Banned Books Week: Stories of Censorship
Students in the bridge experience course LI 202, Free to All: Public Libraries in U.S. Society, researched cases of censorships in public libraries over the last two centuries. Using primary sources they wrote short reports about these cases and designed corresponding posters for Banned Books Week. Browse this guide to learn about the variety of cases in libraries.
Course Instructor: Johanna MacKay
Poster and Report by Ava Wood '24
“He had, in fact, got everything from the church and Sunday School, except, perhaps, any longing whatever for decency and kindness and reason”― Sinclair Lewis, Elmer Gantry
How were authors expected to write books while working with the constraints of obscenity laws, when the so-called obscene nature of something was not even defined? On March 3, 1873, President Ulysses Grant of the United States of America signed into law the “Act for the Suppression of Trade in, and Circulation of, Obscene Literatures and Articles of Immoral Use.” This new legislation created a ban on all items that could be deemed “obscene, lewd, lascivious, or filthy."

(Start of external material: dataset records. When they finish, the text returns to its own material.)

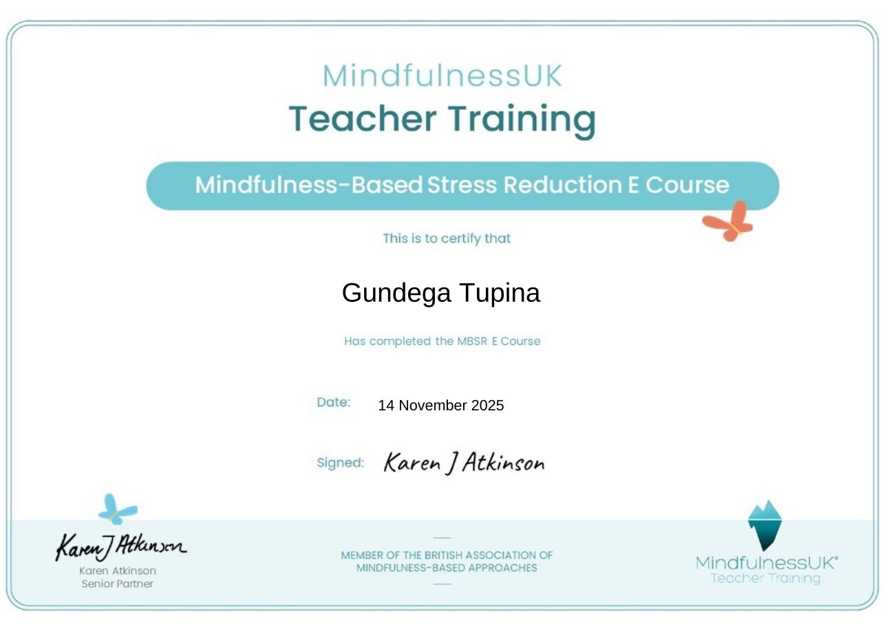 - November 2025 – MBSR course online (8 weeks), “Mindfulness UK”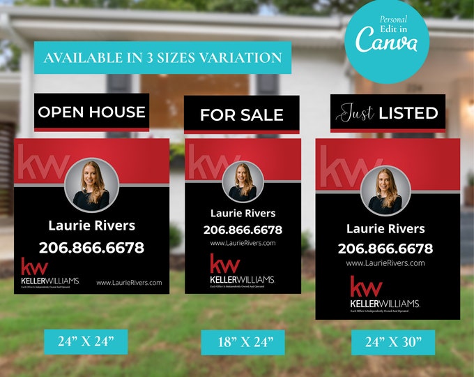 Keller Williams Yard Sign Template: Real Estate Design (canva Template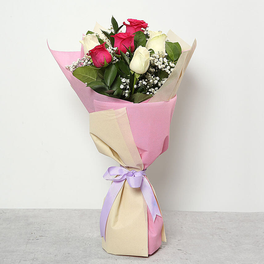 Attractive Pink and White Roses Bouquet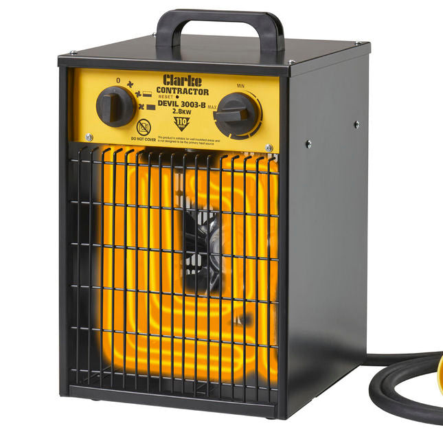 The Clarke DEVIL 3003-B is an effective yet efficient heater for the trade. Utilising a lightweight and portable design, it comes supplied fitted with a heavy duty input lead and 110V plug. Ideal as a secondary heat source for heating well insulated indoor areas on site. **Please note, glow in image is for illustrative purposes only.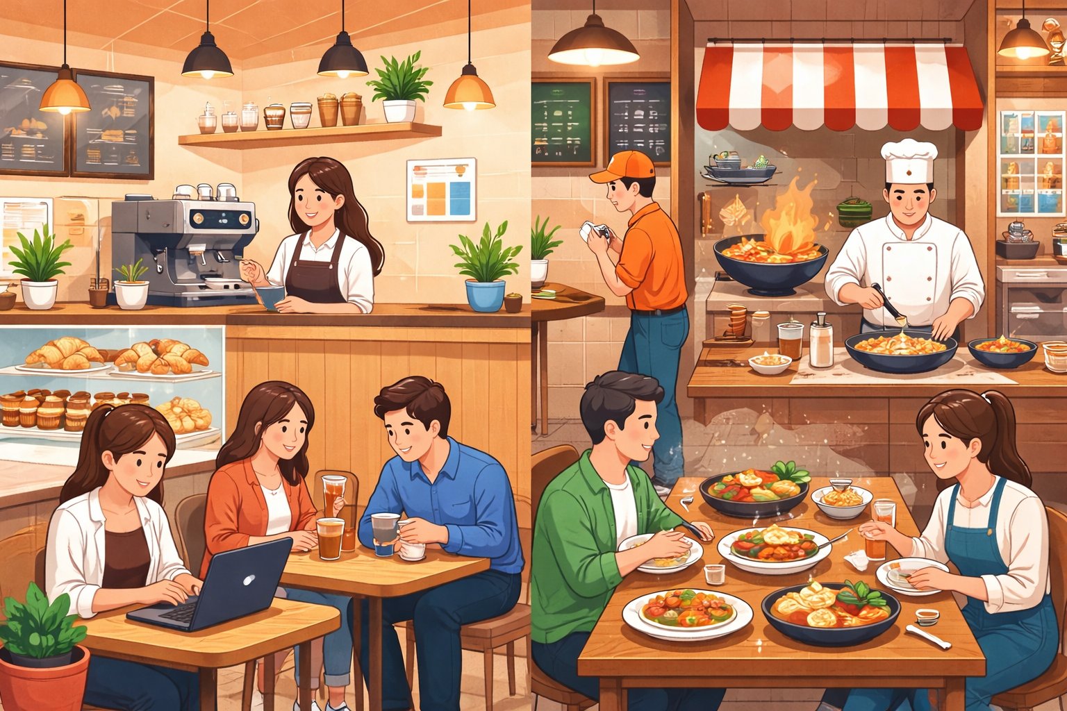 예를 들어 업태에서 ‘소매업’이 정해졌다면, 종목에서는 ‘음식 > 한식’과 같이 자세하게 분류합니다. 업종 코드를 선택하면 자동으로 분류됩니다.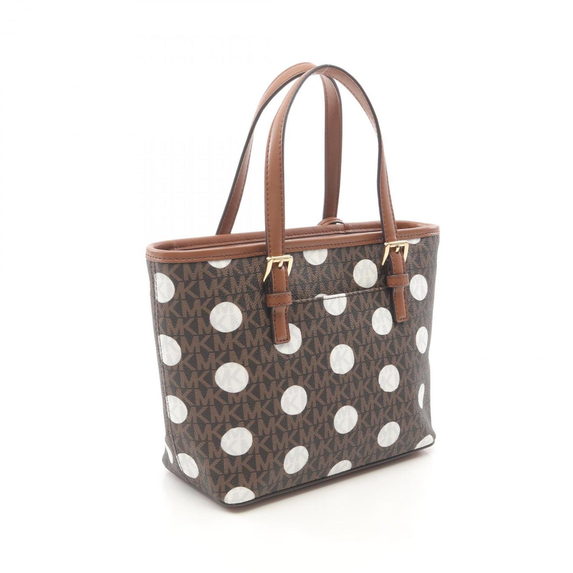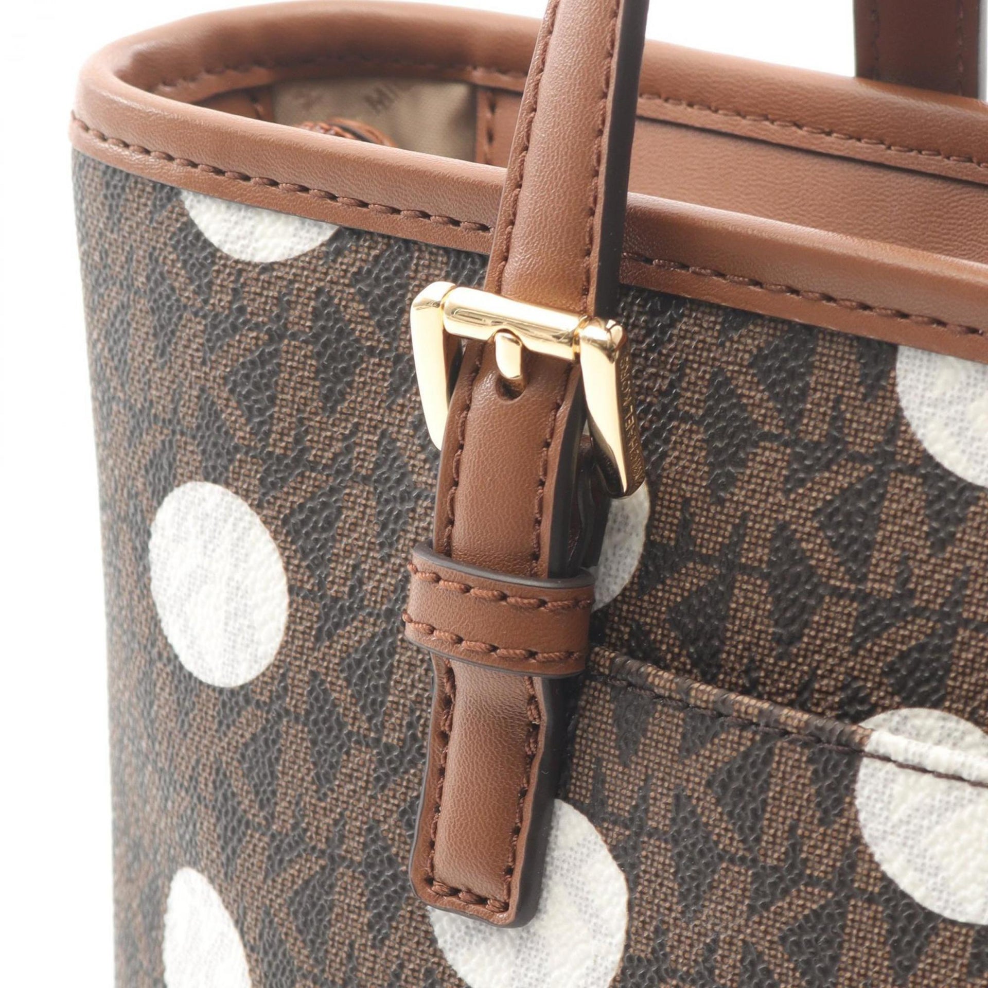 Michael Kors JET SET TRAVEL Signature Polka Dot Handbag in PVC-Coated Canvas and Leather, Brown/White, 35S5GTVT0O

Novelist Sinclair Lewis was the first author from the United States to receive the Nobel Prize in Literature in 1930. In 1927 he published Elmer Gantry, the fourth of his six most popular books. This novel was banned from numerous public libraries as well as the United States Postal Service within its first year of being published. When Sinclair Lewis published Elmer Gantry in 1927 the U.S. Post Office Department defended postmasters who banned it from the mails (in 1931, the Post Office Department even banned any catalog that listed the book), and libraries in Boston and Camden, New Jersey, refused to put it on their shelves (Wiegand, 2005). Elmer Gantry would be banned in Boston, Massachusetts, Kansas City, Missouri, Camden, New Jersey, and other US cities (Wiegand, 2005).
Sinclair’s book appalled loyal churchgoers from coast to coast, as the main character, the novel’s namesake, is a preacher who seemingly praises alcohol and promiscuity more than his faith. A well known evangelist Billy Sunday “got all worked up and called the Minnesota author “Satan’s cohort” (Boston, 2022). This book’s release harbored a massive amount of negative attention, yet any press is good press, right? The frenzy Sinclair jump started with this blasphemous preacher caused audiences to rush to purchase the book, even if only to read it with the intention of slandering it.
Americans United (au.org) is an organization for the separation of Church and State. They released an article in 2022 in recognition of Banned Books Week. In their editor’s statement they declared, “Americans United has opposed religiously based censorship since the organization’s founding in 1947 because religious extremists and their lawmaker allies should not dictate what books other people’s children are allowed to read.” While Elmer Gantry as a character can certainly be perceived as offensive by a certain reader, the creation of this character is purely fictional and was created on the basis of criticizing flaws within the church, and not created as a direct reflection of any specific preacher or religious figure.
Sources:
Boston, R.(2022, September 20). Banned Books Week: Some churchgoers banned this 1927 novel about an amoral clergyman – and made it a bestseller. Americans United.